Assignment:
From the entries below, write out exactly the lines between the line holding "危難之處有鐵軍,中國安能第二" and the line holding "Browns #57 0964 |", inclusive, excluding any pictures.

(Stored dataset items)
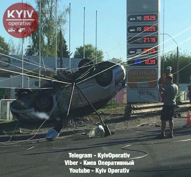 В Броварах (Киевская область) в результате необычного ДТП легковой автомобиль слетел с моста и упал на крышу. Об этом сообщает портал "Киев оперативный" в соцсети Facebook.
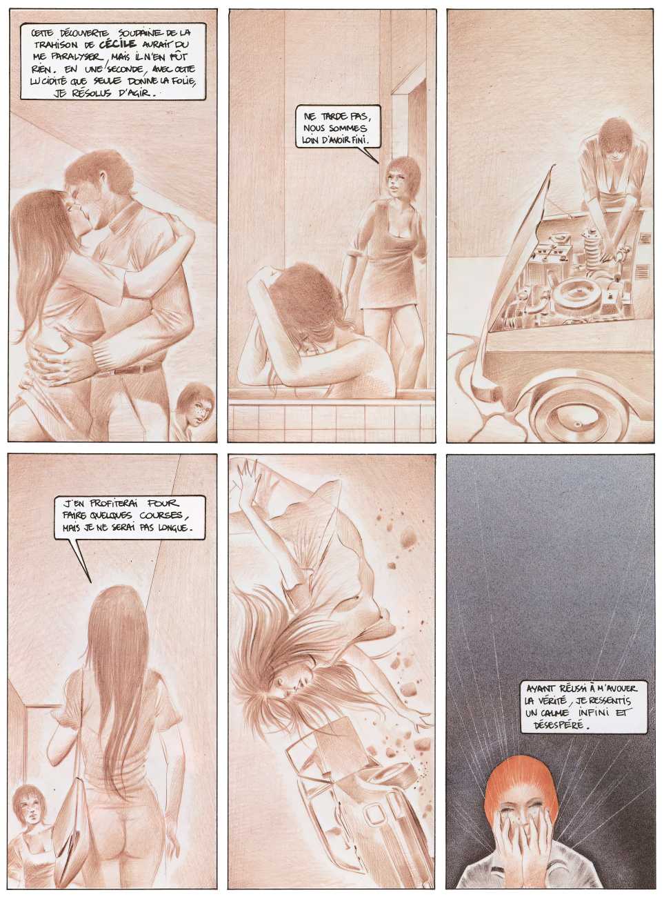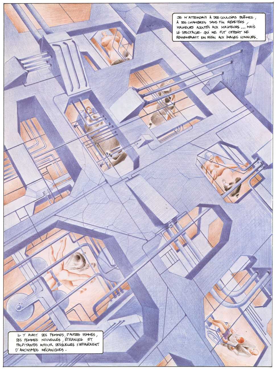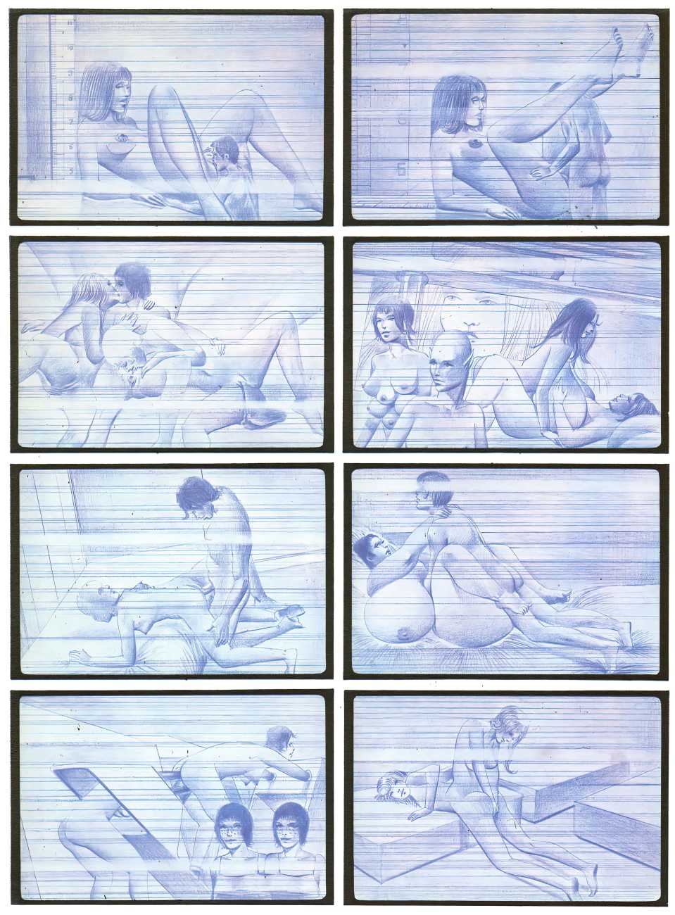 Jessica Ligari was Cavell’s first collaboration with the erotic novelist Robert Mérodack. Essentially it is a lesbian fantasy imagined by men, and as such can be criticised as stereotyped and formulaic. But Jessica Ligari manages to transcend most similar fantasy, introducing elements of trans-sexuality, religion, psychedelic drugs, sex robots and online erotica which are way ahead of their time. Philippe Cavell’s drawings are remarkable, using a limited palette of coloured pencils to explore perspective and comic composition in novel and genre-expanding ways.
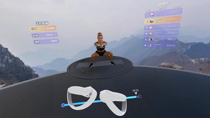 相對來說,帕梅拉的10分鐘VR健身課程對我而言則完全可以接受,雖然同樣包含深蹲等大幅度動作,但其持續(xù)練習的強度對于我脆弱的膝蓋依然屬于能夠承受的范圍,由此我們也可以看出帕梅拉在設計課程時充分考慮到一些大體重用戶的痛點(比如無法長期連續(xù)磨損膝蓋),頂流健身博主的實力果然名不虛傳!
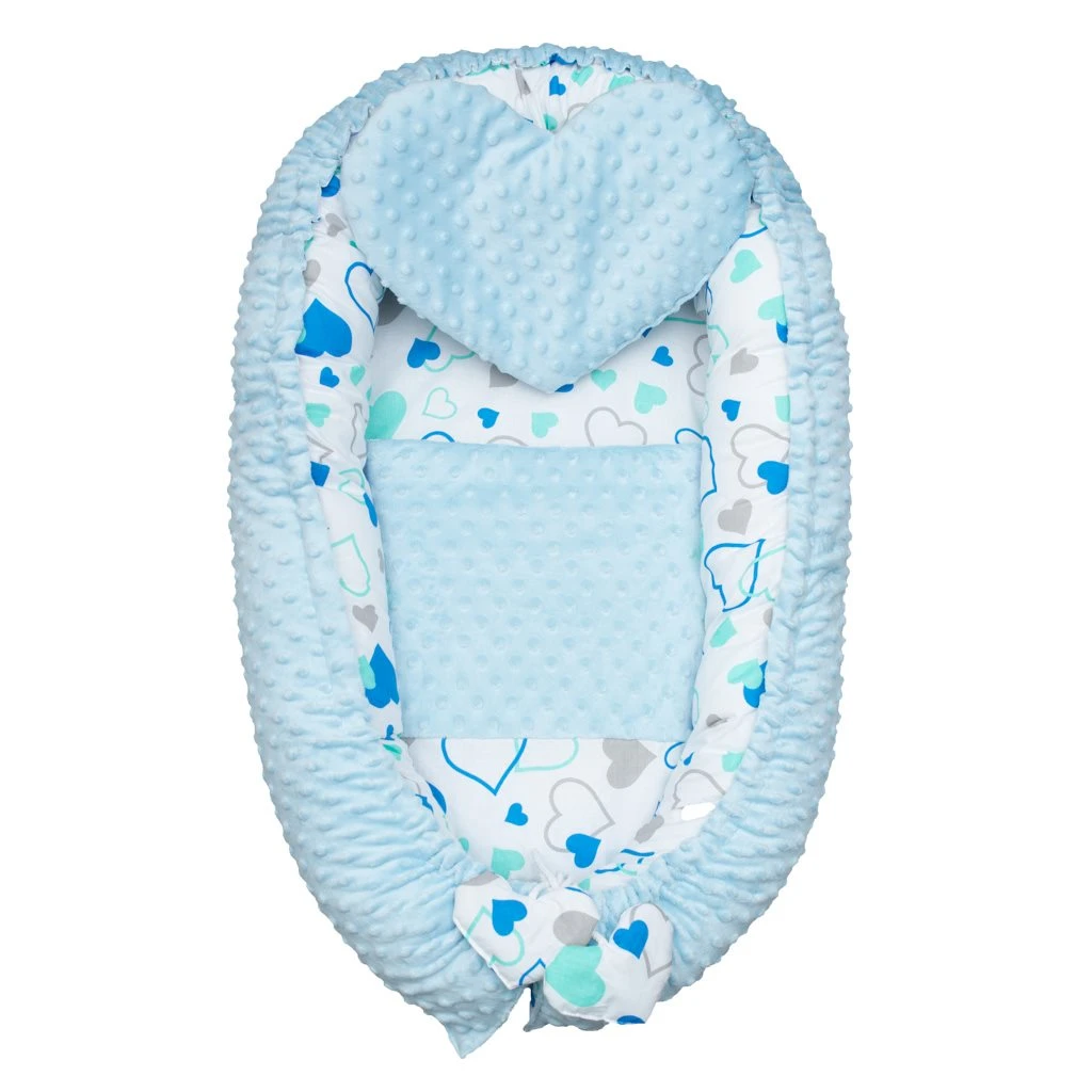 Luxusní hnízdečko s polštářkem a peřinkou New Baby z Minky modrá srdíčka
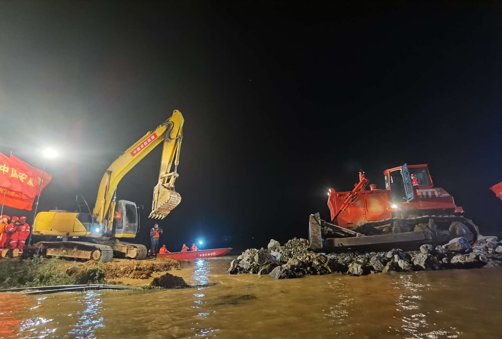 危難之處有鐵軍,中國安能第二工程局迅速從江西南昌、江蘇常州、福建廈門調集400餘名搶險人員、52台套裝備星夜馳援,並受領了鄱陽鎮問桂道圩堤決口的封堵任務。
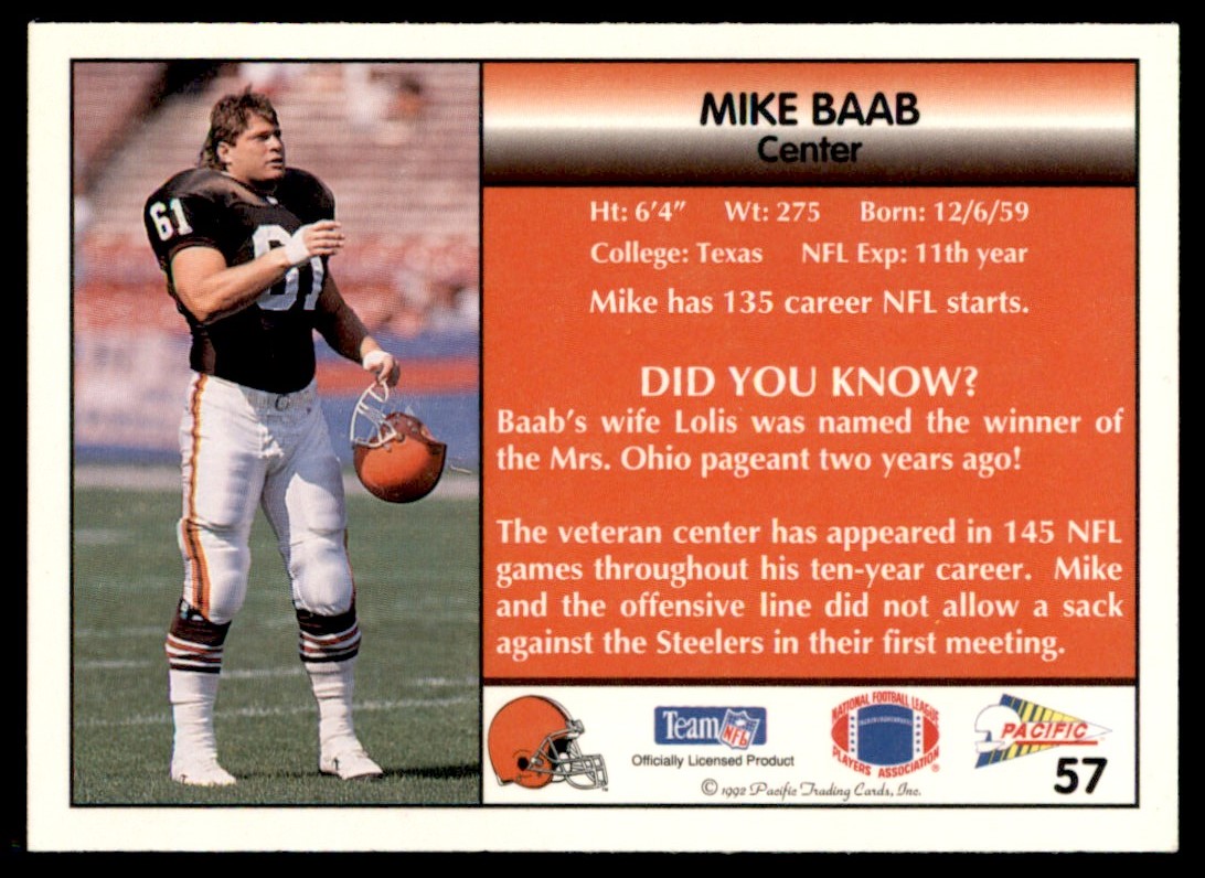 | 1992 Pacific Mike Baab Cleveland Browns #57 0964 |
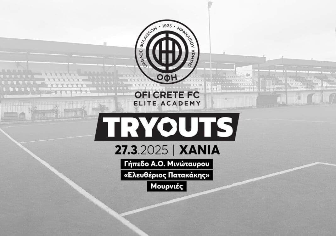 Η ΠΑΕ ΟΦΗ 1925, διοργανώνει δοκιμαστικές προπονήσεις (tryouts) την Πέμπτη 27/3 στα Χανιά, για την επιλογή νεαρών ποδοσφαιριστών που θα στελεχώσουν τις ομάδες της Elite Ακαδημίας, για την σεζόν 2025-26.
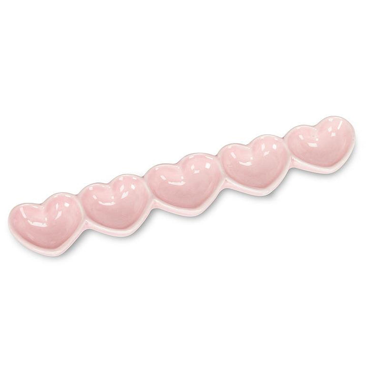 This ivory and pink ceramic tray brings five times the love. Use it to hold rings, serve treats, or dress up your vanity – it’s both sweet and functional, right down to the heart-shaped wells.
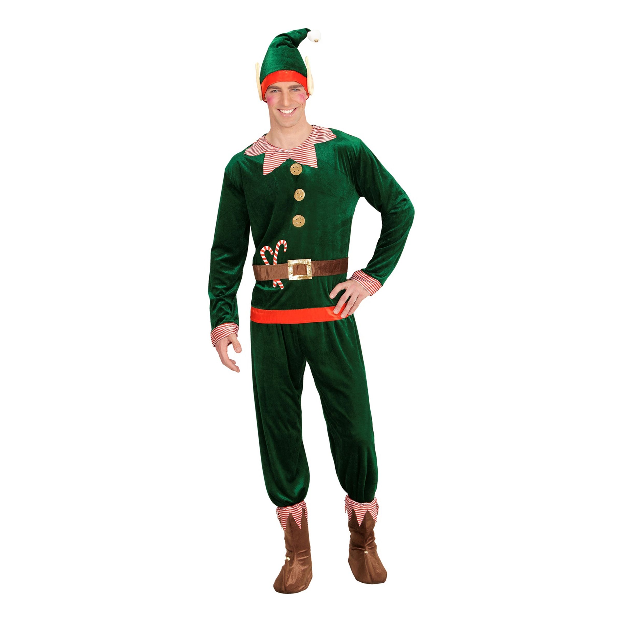 Tomtenisse Grön Maskeraddräkt består av en grön tröja med krage, mjuka knappar och fastsytt bälte samt motiv av två julkäppar. Medföljer gör ett par matchande byxor, ett par bruna skoöverdrag och en grön tomtenisseluva med stora elf-öron av plast.
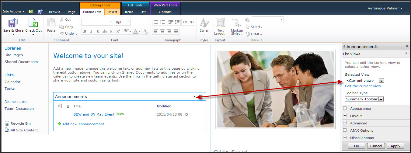 In order for the expiry date to work, you need to change the default view of the web part. (This also ties to another complaint many users have had – the announcements don’t display a summary of the article like they used to).
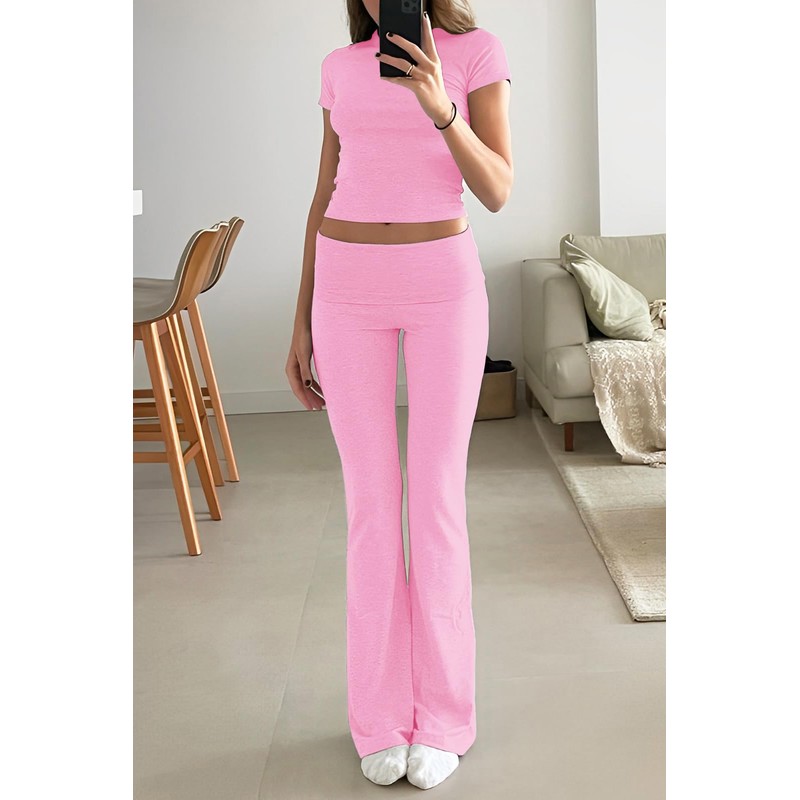 - Sleek and Slim Design: Our short-sleeved tops are designed to contour your shape, paired with fashionable low-rise flare leggings for a flattering, modern silhouette.
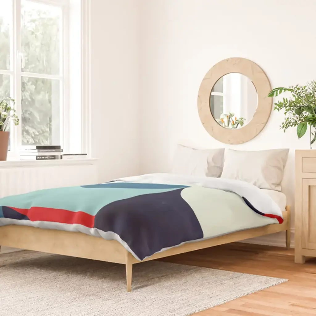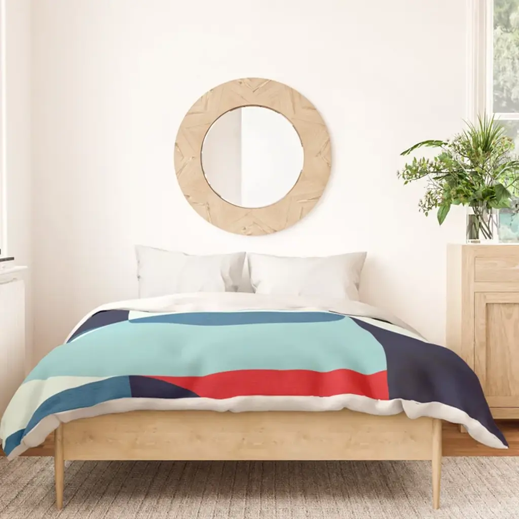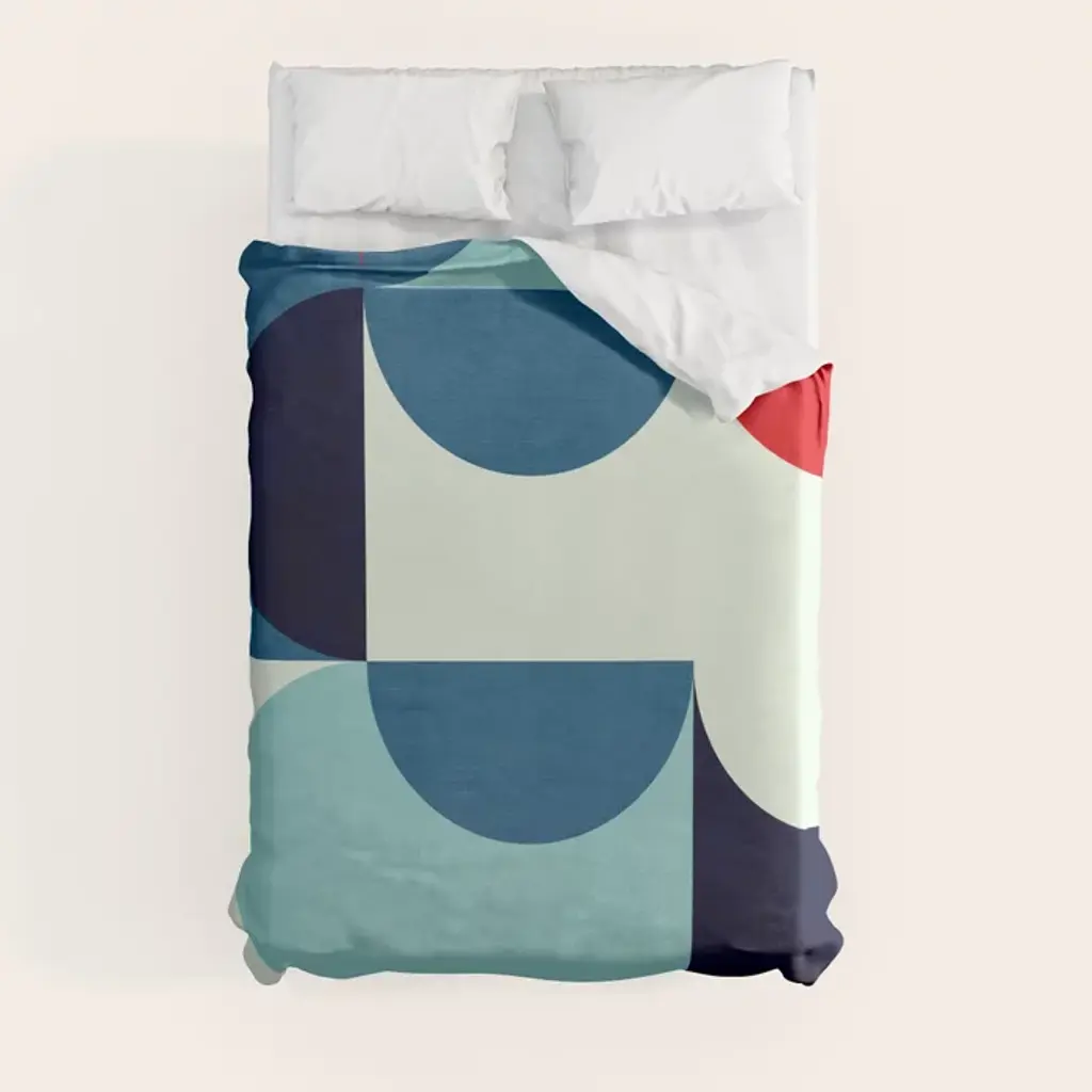 Blue Red White Navy Mcm Modern Geometric Artwork Duvet Cover

Task output:
 危難之處有鐵軍,中國安能第二工程局迅速從江西南昌、江蘇常州、福建廈門調集400餘名搶險人員、52台套裝備星夜馳援,並受領了鄱陽鎮問桂道圩堤決口的封堵任務。
 | 1992 Pacific Mike Baab Cleveland Browns #57 0964 |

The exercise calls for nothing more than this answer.